When I wrote my first pattern in 2013 I included step by step instructions with photos for almost every step, even ironing the seams! I wanted to make sure that anyone who read the pattern would know exactly what to do in every step along the way. I was terrified that someone wouldn't understand the instructions, or would criticize my design, pattern, and writing.
Three years, and several patterns later, I have realized a few things:
1. I still worry about my instructions being clear and providing an error free easy to understand pattern because I don't want people to be frustrated or disappointed, but I don't obsess about it to the point that I'm afraid to put the pattern out there.
2. You can't make everyone happy. It isn't your job, and you'll just make yourself unhappy trying to do it. After 1000s of downloads of this first pattern in the last three years, I have received one e-mail that simply said I was "stupid and should never write again", and one e-mail that said "Your pattern is crap. I could have figured this out on my own." I'll be honest that out of the 1000s of people who didn't e-mail me, or did and said they loved the pattern, these two negative e-mails made me want to never write another pattern, leave social media, and never sew anything again. That didn't last long though because I realized that whatever is making them unhappy enough to be nasty with someone they don't know isn't about me or anything in my pattern, and that all of the other people who enjoyed making the table runner are what matters.
3. No matter how many times a pattern is read and re-read, and how many people do it, there's still a possibility that an error is overlooked or I accidentally change something when I decide to a use a better diagram. It's terrible and I hate it, but it happens and I fix it immediately.

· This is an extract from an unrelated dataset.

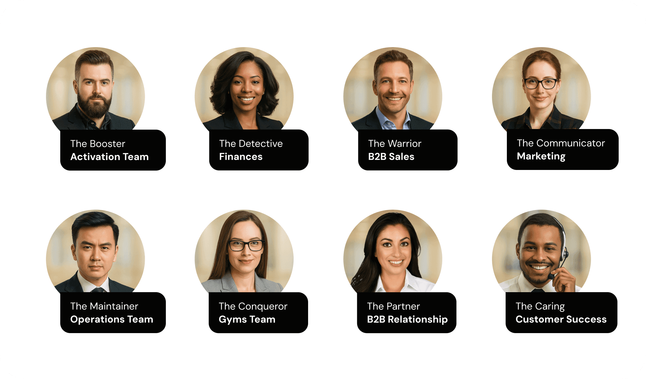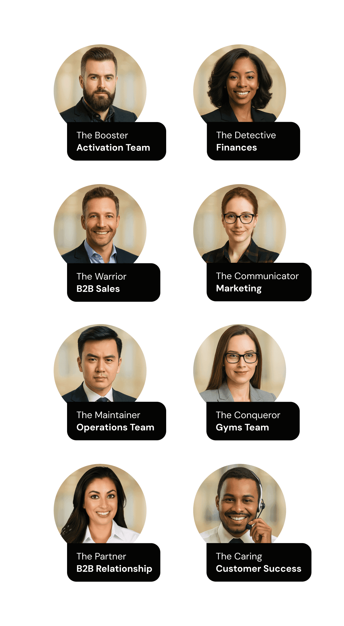 Personas identified by Researcher team and me during workshops and company internal mapping. Each persona is connected to one of the 8 internal areas at Gympass.

4. A file full of a hundred pictures and step-by-step instructions with photos of sewing a seam, pressing a seam, and squaring each block is overkill, and not a pattern but a tutorial. I still try to make everything clear and easy to understand but without all of the unnecessary repetitive instructions and photos.
5. The whole process from idea to finished pattern is time consuming and sometimes feels like there is no benefit to actually bringing that design in my sketchbook to life. At the end of the day I write my patterns to inspire others, and it's worth it to see one finished project on IG, or an e-mail or comment that says that someone enjoyed making the project or learned something new.
Thanks to everyone who supports and encourages others, and who inspires the creativity in their fellow makers.